Inflammatory and nutritional statuses of patients submitted to resection of gastrointestinal tumors

Ana Valéria Gonçalves Fruchtenicht; Aline Kirjner Poziomyck; Audrey Machado dos Reis; Carlos Roberto Galia; Georgia Brum Kabke; Luis Fernando Moreira, TCBC-RS

Universidade Federal do Rio Grande do Sul, Programa de Pós-Graduação em Ciências Cirúrgicas, Porto Alegre, RS, Brasil

Endereço para correspondência

Luis Fernando Moreira
E-mail: lufmoreira@hcpa.edu.br / anavaleria.1012@hotmail.com

Recebido em 30/01/2018
Aceito em 13/03/2018

Fonte de financiamento: FIPE HCPA, Fundo de Pesquisa e Programa de Pós-Graduação em Ciências Cirúrgicas, Universidade Federal do Rio Grande do Sul, Porto Alegre, RS, Brasil

Conflito de interesse: nenhum

Resumo

OBJETIVO: avaliar a associação entre o estado nutricional e inflamatório em pacientes com câncer do trato gastrointestinal submetidos à ressecção cirúrgica e identificar variáveis preditoras de mortalidade nestes pacientes.
MÉTODOS: estudo prospectivo de 41 pacientes com câncer do trato gastrointestinal submetidos à cirurgia entre outubro de 2012 e dezembro de 2014. O estado nutricional foi avaliado por métodos subjetivos e objetivos. A resposta inflamatória e o prognóstico foram avaliados através do Escore Prognóstico de Glasgow modificado (mGPS), razão Neutrófilo/Linfócito (NLR), Índice Nutricional Prognóstico de Onodera (mPNI), Índice Inflamatório Nutricional (INI) e razão Proteína C-reativa/Albumina (mPINI).
RESULTADOS: metade dos pacientes estava desnutrida e 27% apresentavam-se em risco nutricional. Associação positiva foi encontrada entre percentual de perda de peso (%PP) e os marcadores NLR (p=0,047), mPINI (p=0,014) e INI (p=0,015) e os níveis séricos de albumina (p=0,015), INI (p=0,026) e mPINI (p=0,026) se associaram significativamente às categorias da ASG-PPP. Na análise multivariada, a albumina foi o único marcador inflamatório independentemente relacionado ao óbito (p=0,004).
CONCLUSÃO: marcadores inflamatórios foram significativamente associados com a desnutrição, demonstrando que quanto maior a resposta inflamatória, piores foram os escores da ASG-PPP (B e C) e maior o %PP nesses pacientes.

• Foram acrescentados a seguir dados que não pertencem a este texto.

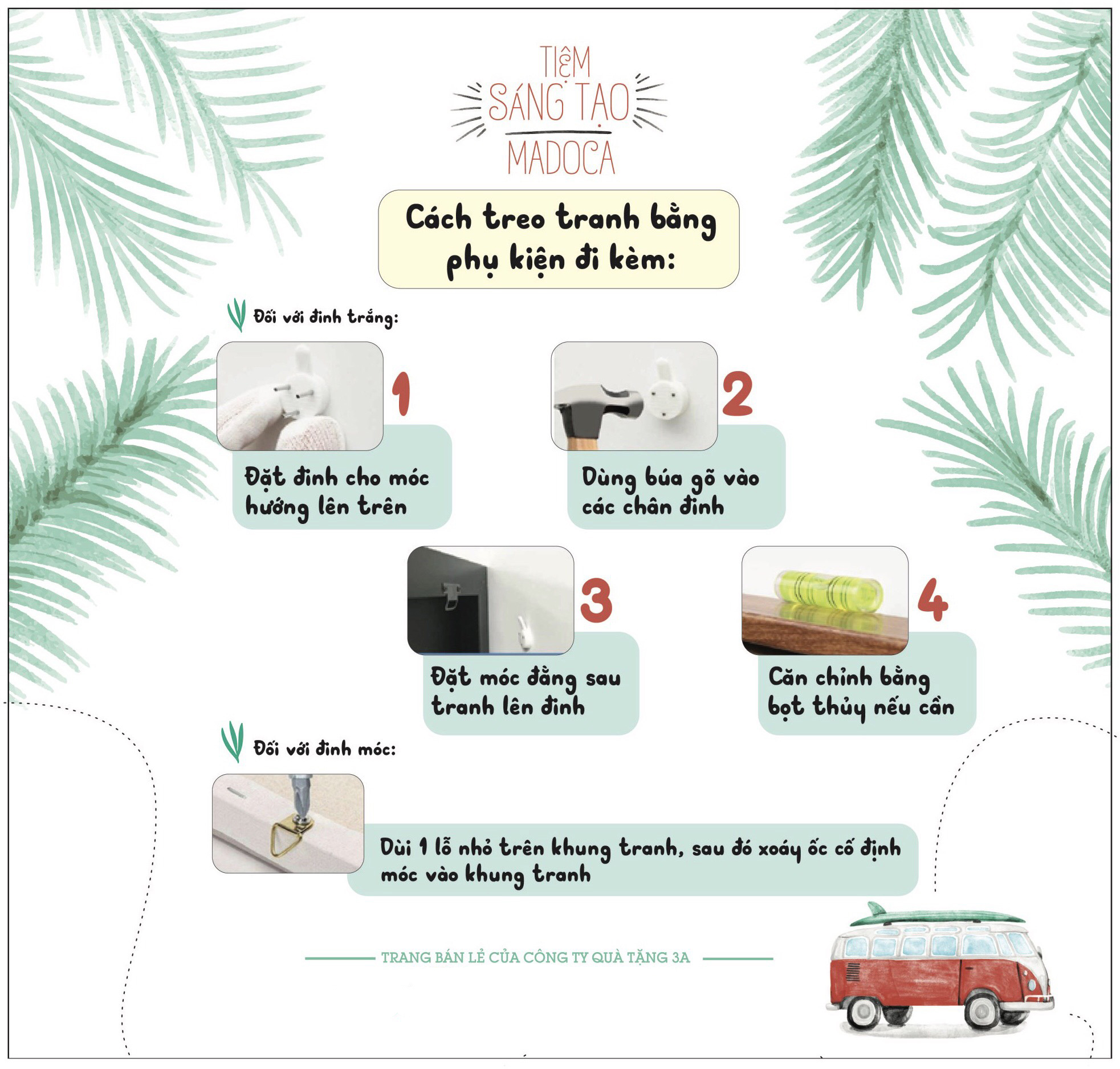 -Móc và vít treo tranh khi hoàn thành sản phẩm

No entanto, mais estudos, com o objetivo de melhorar resultados cirúrgicos e determinar o papel desses marcadores como preditores de mortalidade são necessários.

Palavras-chave: Neoplasias Gastrointestinais. Estado Nutricional. Inflamação. Mortalidade.

INTRODUÇÃO

O câncer se consolidou como problema de saúde pública em todo o mundo, sendo inquestionável que o crescimento acentuado da sua incidência representa uma crise para os sistemas de saúde de diversos países1. A desnutrição, altamente evidenciada quando a neoplasia atinge o trato gastrointestinal (TGI), está associada à diminuição da resposta ao tratamento específico e à qualidade de vida, com maiores riscos de infecção pósoperatória e aumento na morbimortalidade2. Diversos métodos e ferramentas de avaliação nutricional têm sido propostos ao longo dos anos com o intuito de detectar precocemente a desnutrição. No entanto, não há padrão-ouro de avaliação nutricional estabelecido para determinar o estado nutricional em pacientes com câncer, uma vez que a avaliação é altamente variável na prática clínica devido a um grande número de alterações metabólicas que afetam esses pacientes de maneiras diferentes3.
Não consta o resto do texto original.